* Collected data:
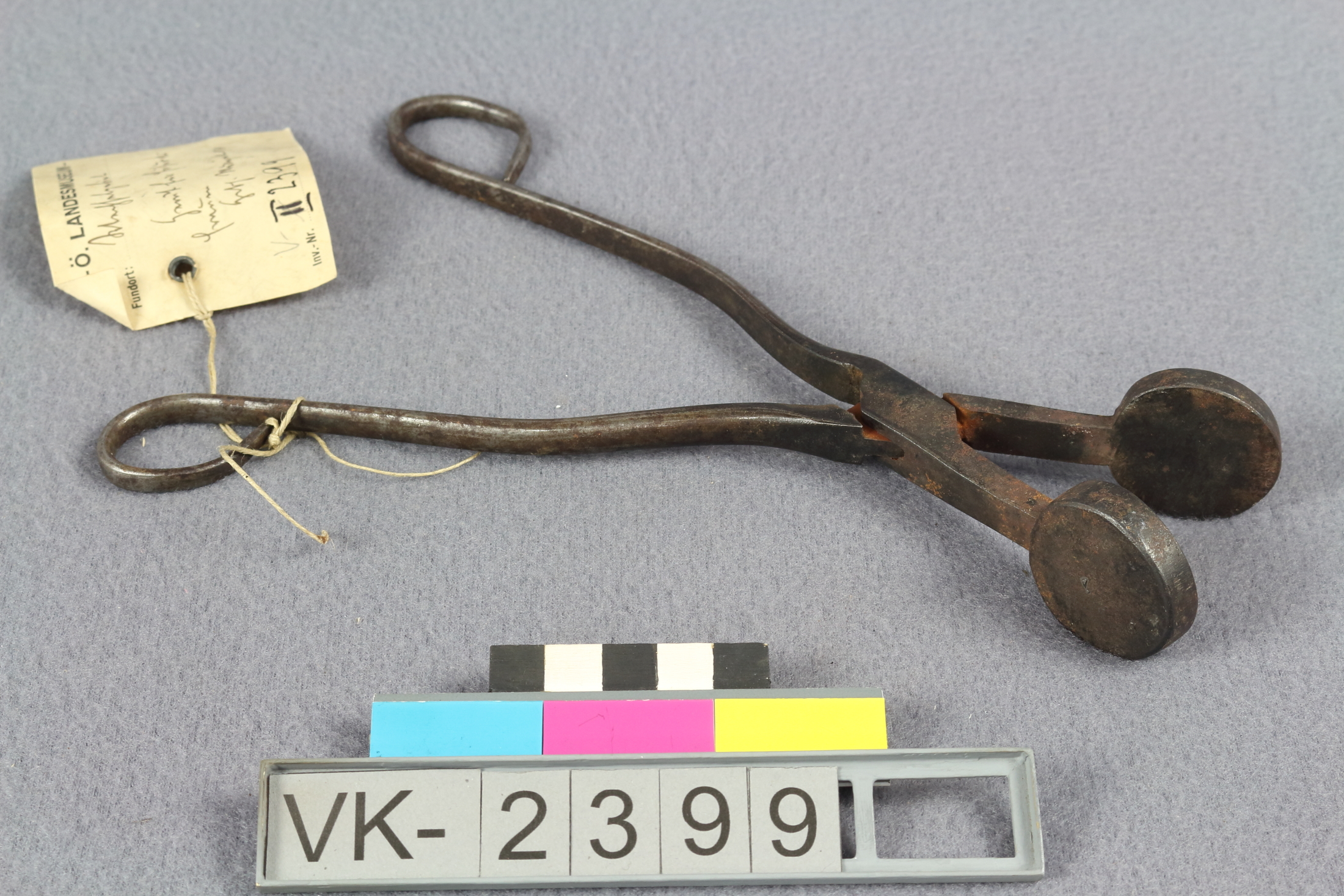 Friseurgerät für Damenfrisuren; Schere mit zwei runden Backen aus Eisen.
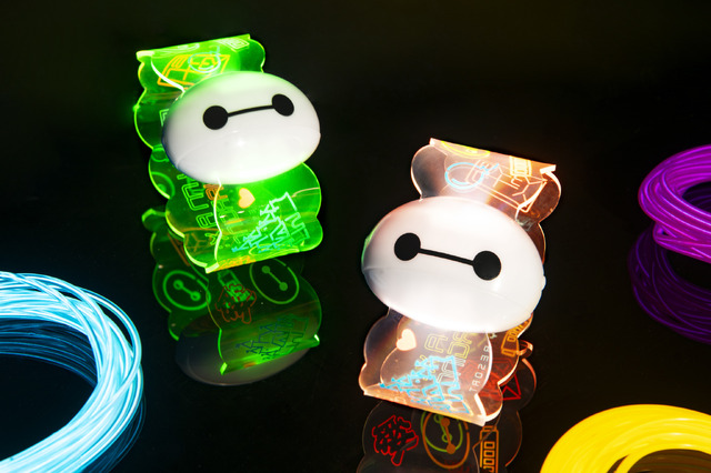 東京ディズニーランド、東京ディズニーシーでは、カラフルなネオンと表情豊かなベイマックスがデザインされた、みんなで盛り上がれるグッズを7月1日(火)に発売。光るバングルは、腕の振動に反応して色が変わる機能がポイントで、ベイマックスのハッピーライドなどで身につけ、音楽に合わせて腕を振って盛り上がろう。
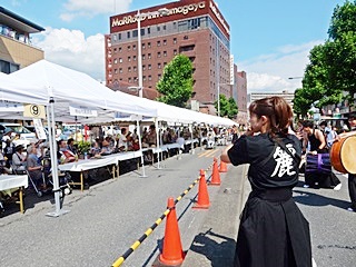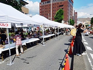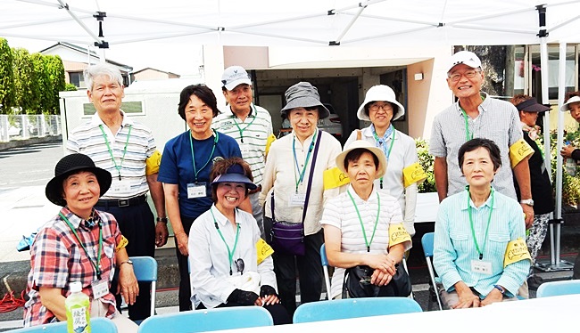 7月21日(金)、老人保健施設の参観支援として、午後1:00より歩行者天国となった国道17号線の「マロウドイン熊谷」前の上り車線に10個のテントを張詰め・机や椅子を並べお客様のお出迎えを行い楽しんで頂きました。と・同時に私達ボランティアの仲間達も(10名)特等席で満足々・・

* Task instructions:
Transcribe the material exactly, leaving every picture out.

* Exercise answer:
 Friseurgerät für Damenfrisuren; Schere mit zwei runden Backen aus Eisen.
 東京ディズニーランド、東京ディズニーシーでは、カラフルなネオンと表情豊かなベイマックスがデザインされた、みんなで盛り上がれるグッズを7月1日(火)に発売。光るバングルは、腕の振動に反応して色が変わる機能がポイントで、ベイマックスのハッピーライドなどで身につけ、音楽に合わせて腕を振って盛り上がろう。
 7月21日(金)、老人保健施設の参観支援として、午後1:00より歩行者天国となった国道17号線の「マロウドイン熊谷」前の上り車線に10個のテントを張詰め・机や椅子を並べお客様のお出迎えを行い楽しんで頂きました。と・同時に私達ボランティアの仲間達も(10名)特等席で満足々・・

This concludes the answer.